_PROBLEM TO SOLVE_
Skip the pictures and give back the rest of the listing exactly.
(Beginning of DATA EXCERPT)
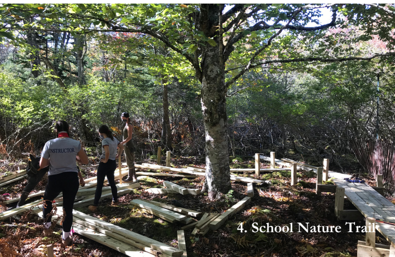
4. School Nature Trail
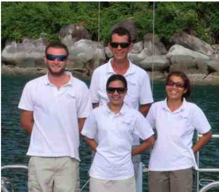
This crew welcomes you on board TARONGA - Dec 2011
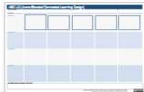
A1 storyboard sheet – 1 per module
(End of DATA EXCERPT)
_SOLUTION FOR THIS EXERCISE_
4. School Nature Trail
This crew welcomes you on board TARONGA - Dec 2011
A1 storyboard sheet – 1 per module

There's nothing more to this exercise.